Nov 17 2010

Mensikapi Perbedaan Hari raya Idul Adha 1431 H di Indonesia

Published by at 12:13 pm under Opini

Sebelum menyampaikan sikap terhadap pelaksanaan idul Adha 1431 H yang sudah dipastikan akan terjadi dua kali, yaitu: 10 Zul hijah 1431 yang bertepatan dengan hari Selasa, 16 November 2010 dan satunya lagi hari Rabu, 17 November 2010, perlu disampaikan bahwa pada hari Selasa, 2 November 2010 Kemenag RI telah mengadakan suatu pertemuan anggota Badan Hisab Rukyat  dan berikutnya pada hari senin 8 November 2010 melakukan Sidang Isbat yang mengundang berbagai tokoh dari ormas Islam dan beberapa anggota BHR.

Pertemuan Anggota BHR di Jakarta
Pada sidang pertama, semua anggota BHR diberi kesempatan untuk mengemukakan pendapat berkaitan dengan Idul Adha 1431 yang diprediksi akan terjadi perbedaan.

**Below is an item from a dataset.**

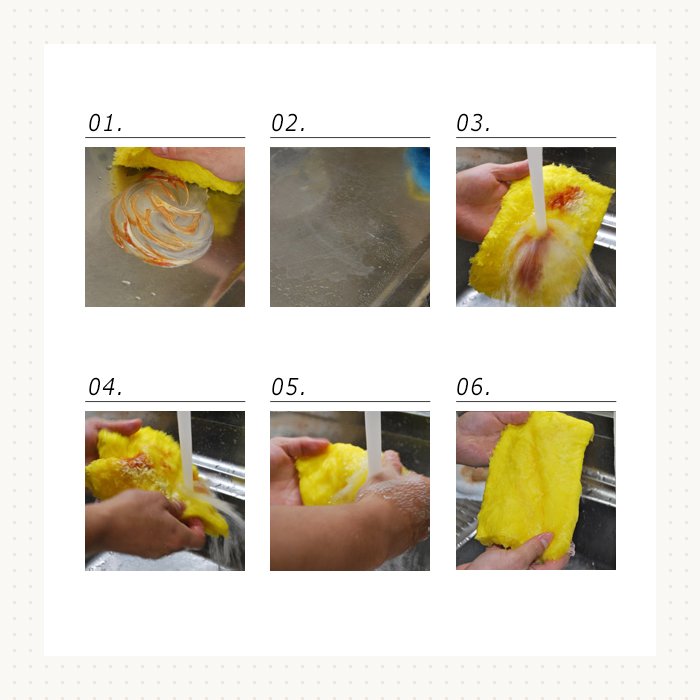 最初に水洗いした後に、よく絞ってからご使用下さい。
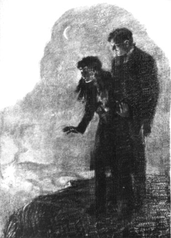 Enraptured, she looked and saw Lem on the brink of the cliff, seemingly so near that she instinctively stretched out a hand to attract him. As she looked she saw him stretch his two arms outward and upward, and she understood their pantomimic plea.

Pada umumnya semua anggota BHR menyampaikan bahwa posisi hilal di Indonesia sangat sulit untuk dirukyat, bahkan ada yang menyatakan mustahil untuk dirukyat, meskipun ada tiga sistem Hisab Taqribi yang menghasilkan di atas 3 derajat. Utusan Muhammadiyah akan tetap pada hasil Hisab yang sudah diumumkan yaitu Idul Adha 1431 pada hari Selasa, 16 November 2010, demikian pula utusan DDII (Dewan Da’wah Islamiyah Indonesia) menyatakan bahwa jika Ramadan dan Idul Fitri akan mengikuti keputusan Pemerintah RI, tapi untuk idul Adha akan mengikuti keputusan Pemerintah Saudi Arabia, dengan argumentasi: الحج عرفة(Al Hajju ‚Arofah) artinya: Ibadah haji itu ditentukan dengan pelaksanaan wukuf di hari Arofah. Adapun argumentasi yang disampaikan dari utusan UII, yaitu: 1) tidak ada perintah secara tegas dari nas yang memerintahkan rukyat menjelang bulan Zul Hijah, 2) dateline Zulhijjah 1431 sudah mencakup seluruh propinsi di Indonesia pada 6 November 2010, 3) ketinggian hilal di Australia Selatan sudah di atas 2 derajat, padahal berada di timur pulau Jawa, dan di Afrika Selatan posisi hilal sudah berada di natas ufuk melebihi 5 derajat yang menjadi acuan kriteria imkan rukyat secara internasional. 4) Idul adha dilaksanakan pada tanggal 10 Zul Hijjah, maka ketinggian hilal tidak harus ditentukan pada malam pertama Zul Hijjah, tapi dapat diamati pada hari kedua, ketiga dan serterusnya. Oleh karena itu, perhatikan ketinggian hilal di malam kedua yang sudah mencapai 14 derajat, apakah masih dapat dikategorikan sebagai tanggal satu atau justru sudah memasuki tanggal 02 Zul hijjah 1431.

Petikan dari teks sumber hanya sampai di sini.